Terre Thaemlitz: The Transsexual people that I’ve known mostly have been male-to-female. In the end, they always talk about how I should start taking hormones — and when I explain that I’m not interested in that they’d say, “Oh well, give yourself two years —” or “Wait five years” or whatever, you know? It’s like they can’t believe it, you know? In a way, it kind of makes you incomplete, from the Transsexual perspective, if you refuse treatment. It’s kind of like being sexually Queer, rather than Gay. You have the Gay men who will tell you you’re still in the closet because you’re fucking women and you have the women who are saying, “Oh look, you’re a fag. Get away from me!” People find it difficult to accept those who don’t conform to their own identity system, especially when you live under an identity system that requires so much energy and effort to become something. Then it becomes hard to imagine others who wouldn’t need to do the same.

I SEE.

Terre Thaemlitz: That’s why the Transsexual community often looks with a lot of suspicion at other types of Transgendered people. Of course, I can understand why they might resent the fetishism and campy S&M fetish image, and people just kind of joking around and being into costume play or something like that.

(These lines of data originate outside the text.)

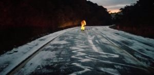 Congelamento de pista provoca interdição de trecho de acesso à serra catarinense
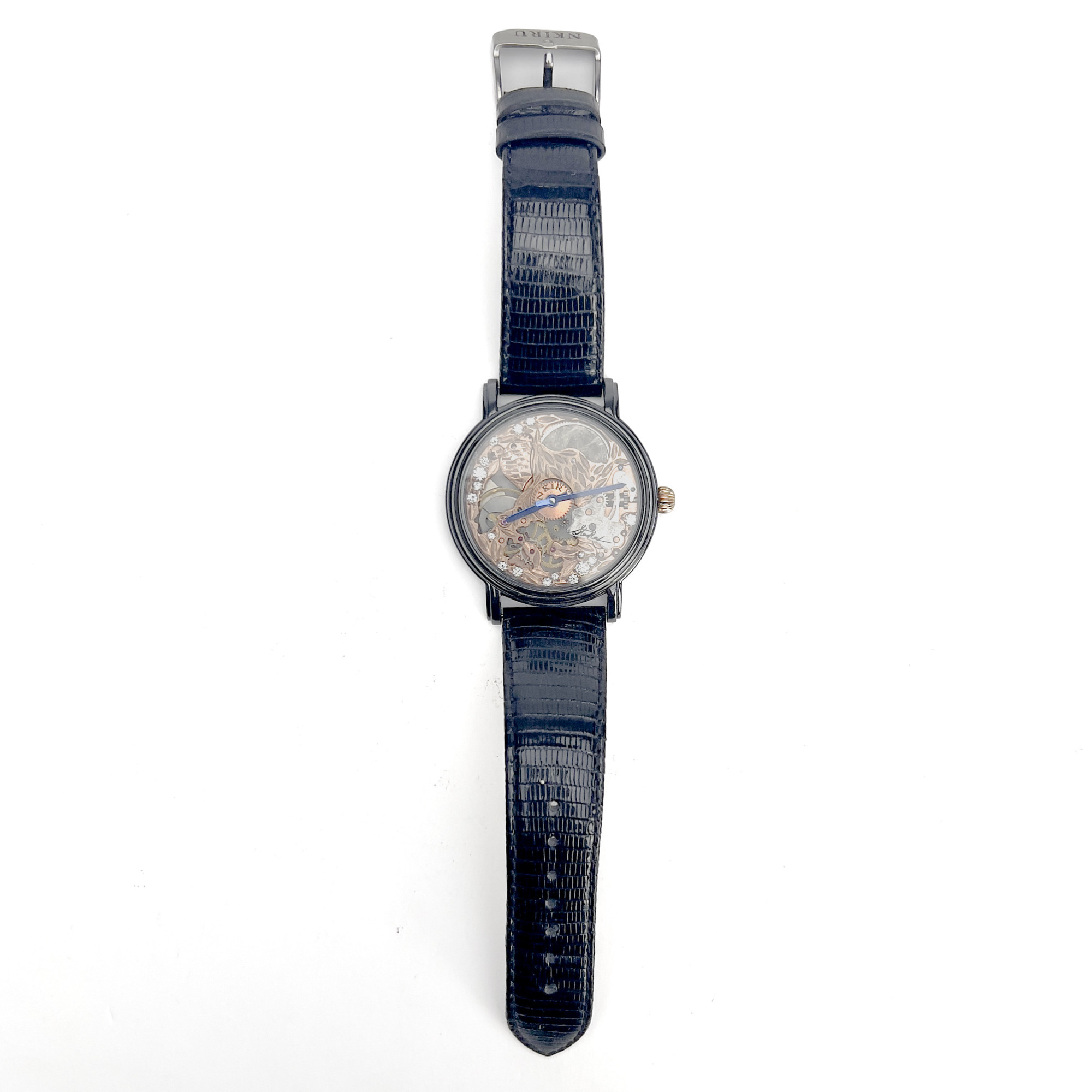 A gentleman's skeleton wristwatch with a circular stainless steel case, 17 jewels manual wound watch, mechanical parts made in precious metals, metallic blue hands and a rose gold face set with diamonds, signed Steven Richardson. With a black lizard-skin band by Vera Pelle
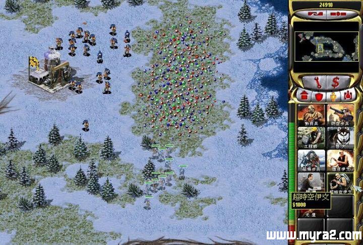 首先,出几个超时空伊文和一个疯狂伊文(只要是可以安炸弹的就行,貌似伊文比较便宜,但超时空伊文是必备的。)让伊文给超时空伊文安上炸弹,之后选中超时空伊文,让他们攻击一下敌人的重要建筑,他们就会传送到那个建筑旁边,如果失败被杀的话就会自爆(超时空军团可能会防住,没试过),那样也能给敌人造成损失,如果成功的话则更好,安在敌人建筑上的炸弹加伊文身上的炸弹,一起爆炸,敌人就等着作恶梦吧!用这个方法炸敌人的战车工厂和兵营只需要一两个就够了,至于总部和核电厂可能会多几个,但没关系。另外,问一个问题,假如在一个小兵身上安炸弹,然后再把这个小兵压死,这个炸弹会不会爆炸,会的话可能会有点困难。

I hate that, too. I guess a lot of the people that I’ve gotten along with the best have been Intersex people.

TELL US ABOUT THEM.

Terre Thaemlitz: Unlike Transsexuals, the Intersex people I’ve met don’t have expectations and hopes rooted in the medical industry. They’re much more skeptical of the industry, especially when you’re talking to people who have been mutilated at birth. Of course, that sets up a lot of skepticism towards the medical industry. I have to say, I lean on that side. I feel that the aesthetics of it — about how to develop the body as a Transsexual — are very much about helping people to conform to a particular model of Hetero-sexist beauty standards. For me, that’s a problem and I know it’s a problem for a lot of Transgendered people too, even for a lot of Transsexuals. I’ve never met a Transsexual person who truly believed they were becoming a man or becoming a woman except in terms of appearance and passability. It’s difficult to discuss these things without using generalizing language — I want to be clear that I’m not lumping all Transsexuals into one group.

BUT REGARDING INTERSEX INDIVIDUALS —

Terre Thaemlitz: Okay, I was talking about Intersex people, like being born with ambiguous or multiple genitals, and often having some sort of medical experience in their youth. Often very soon after birth, or at a young age, going through operations and usually being told they have cancer or something, when in fact the doctors are removing ovaries or undescended testicles or something like that. So, Intersex people of course have very complicated relationships with the medical industry and the ones that I met don’t trust the industry. Whereas most Transsexuals tend to look towards the medical industry as a place to find a resolution to a gender crisis. I’ve also met some people who stopped halfway.

INTERESTING.

Terre Thaemlitz: For example, I knew someone who was a man who just did the facial feminization procedure, because men tend to have a kind of more protruded eyebrow bone. So they kind of shave the skull over the eyes and then usually put in chin and cheek implants, or something to make the face look more feminine by conventional standards. Usually you’re taking hormones and maybe doing facial feminization, then maybe you do breasts and finally maybe you then do your genitals. So, it’s kinda like a step-by-step procedure. People who stop after the facial feminization look clearly Androgynous. The person I knew felt that the orientation of the medical industry pushes towards a very particular model of physical appearance, the destination of which she was not happy with — of course the medical procedures are about helping people conform to a quote-unquote normal life. The main reason she stopped was that she felt that the social systems around the body she was transitioning into still didn’t make her feel comfortable and didn’t resolve her initial discomfort with her body. She felt like, in a way, to un-become male or female was more helpful than to un-become one and become the other, in terms of appearance. I want to be very clear that when I’m talking about these things, I’m not trying to generalize the experiences of all Intersex people, of all Transsexuals, of all the different types of Transgendered people. I’m just talking based on the limited interactions and experiences that I, as a Transgendered-identified person, have had.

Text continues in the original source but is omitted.